• **YOUR TASK**
Beginning at the line with "Udviklingsprocessen for rullevognen" in the records below, return each line up to and including the last, exactly as it stands, but not the pictures.

• **SUPPLIED DATA**
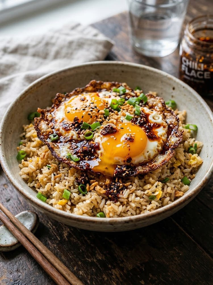Many rice dishes rely on complex sauces or long cooking times to develop flavor. Crispy Chili Oil Eggs with Garlic Rice achieves incredible depth with just a few carefully prepared elements.
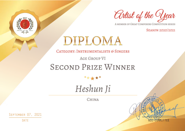 主办方:英国伦敦杰作企业,旗下赛事包含“世纪杰出作曲家”系列音乐比赛、“世界希望之星”国际音乐比赛等。本次比赛因为新冠疫情改为网络比赛。评审团来自不同国家。
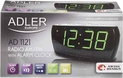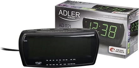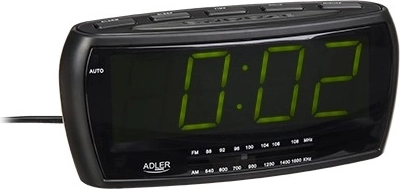 Radiobudík ADLER AD 1121 kombinuje přehledný čas s pohodlným buzením. Velké zelené LED číslice o výšce téměř 5 cm jsou výborně čitelné i z dálky a ve tmě. Můžete si zvolit buzení oblíbenou rozhlasovou stanicí nebo klasickým budíkovým tónem.
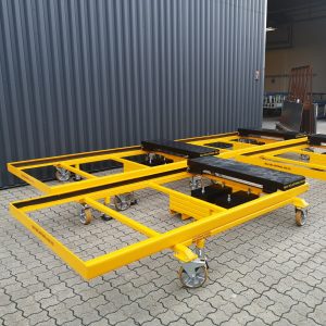 Udviklingsprocessen for rullevognen begyndte med en dybdegående analyse af behovene på byggepladsen. Gennem tæt samarbejde med Kai Andersen A/S blev specifikationer og krav fastlagt. Rullevognen blev designet til at håndtere tunge vinduer, sikre stabilitet under transport og nemt kunne manøvreres på de trange byggepladser. Funktioner inkluderede justerbare holdere, robuste hjul og en mekanisme til sikker fastgørelse af vinduerne.
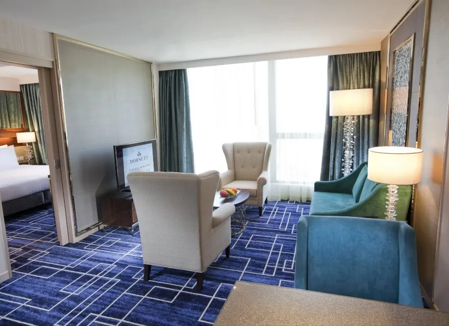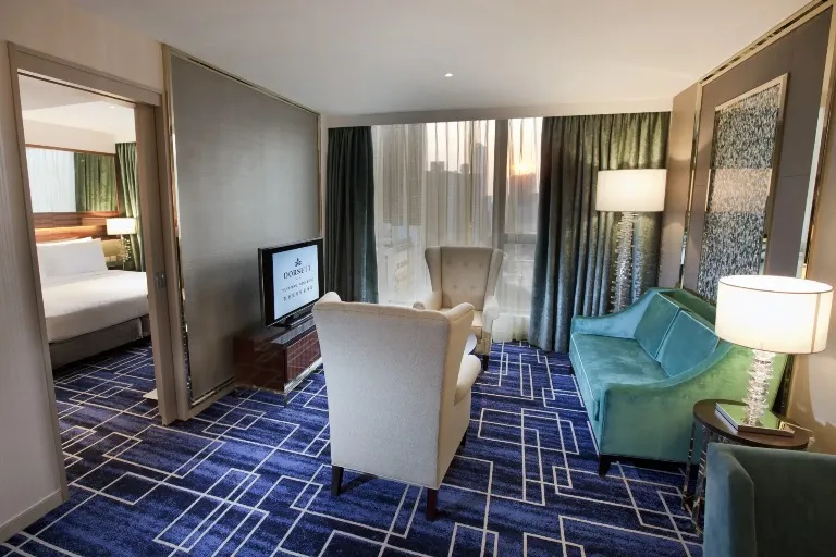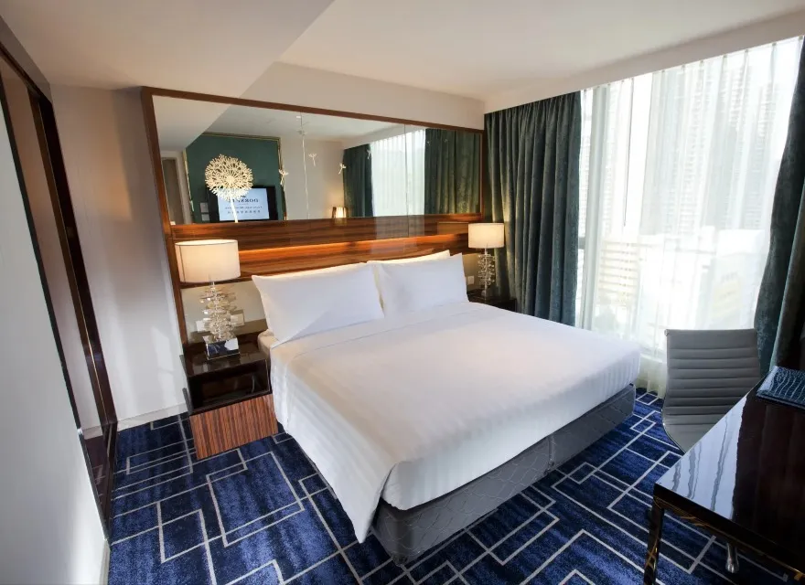 我們的尊貴套房位於酒店高層,設計時尚優雅。套房設有一張特大雙人床、寬敞的套房式浴室、空氣淨化機及免費Wi-Fi 。寬敞的尊貴套房可遠眺部分山景翠綠景緻,獨立客廳備有舒適的沙發床和扶手椅,為家庭或朋友組合提供一個理想且舒適的住宿環境。
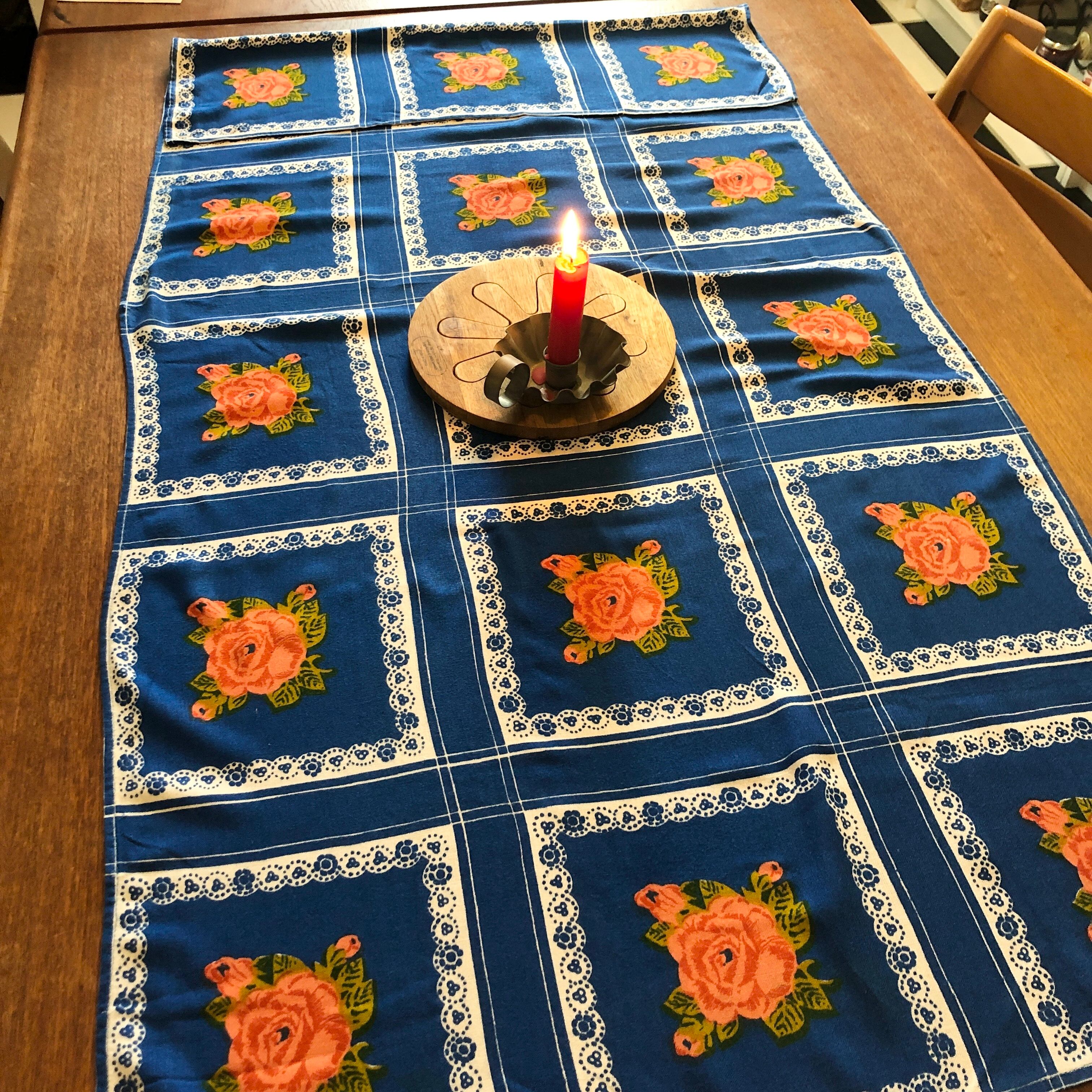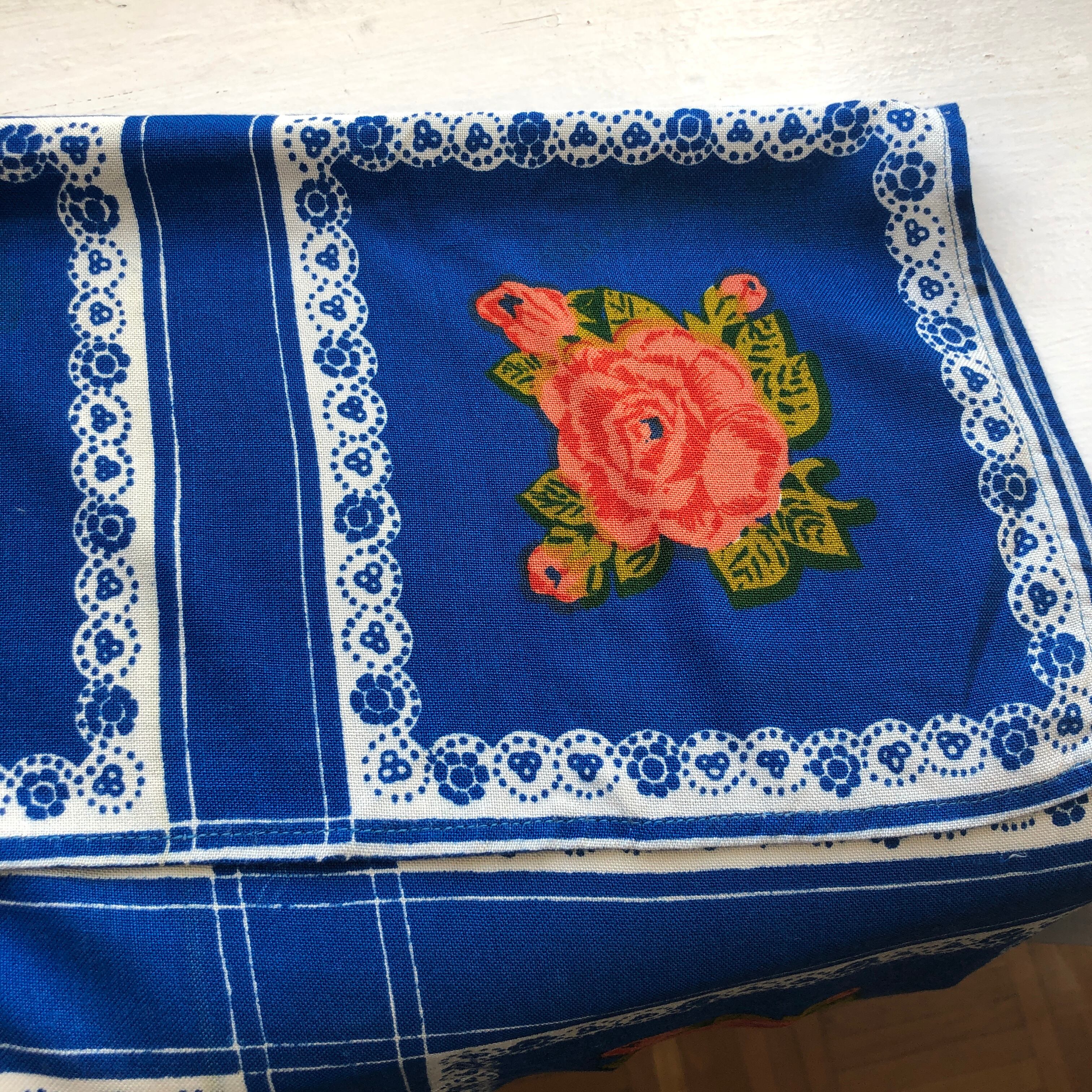 東欧やロシアっぽい雰囲気の大き目の青い薔薇のクロス。

• **ANSWER SPACE**
 Udviklingsprocessen for rullevognen begyndte med en dybdegående analyse af behovene på byggepladsen. Gennem tæt samarbejde med Kai Andersen A/S blev specifikationer og krav fastlagt. Rullevognen blev designet til at håndtere tunge vinduer, sikre stabilitet under transport og nemt kunne manøvreres på de trange byggepladser. Funktioner inkluderede justerbare holdere, robuste hjul og en mekanisme til sikker fastgørelse af vinduerne.
 我們的尊貴套房位於酒店高層,設計時尚優雅。套房設有一張特大雙人床、寬敞的套房式浴室、空氣淨化機及免費Wi-Fi 。寬敞的尊貴套房可遠眺部分山景翠綠景緻,獨立客廳備有舒適的沙發床和扶手椅,為家庭或朋友組合提供一個理想且舒適的住宿環境。
 東欧やロシアっぽい雰囲気の大き目の青い薔薇のクロス。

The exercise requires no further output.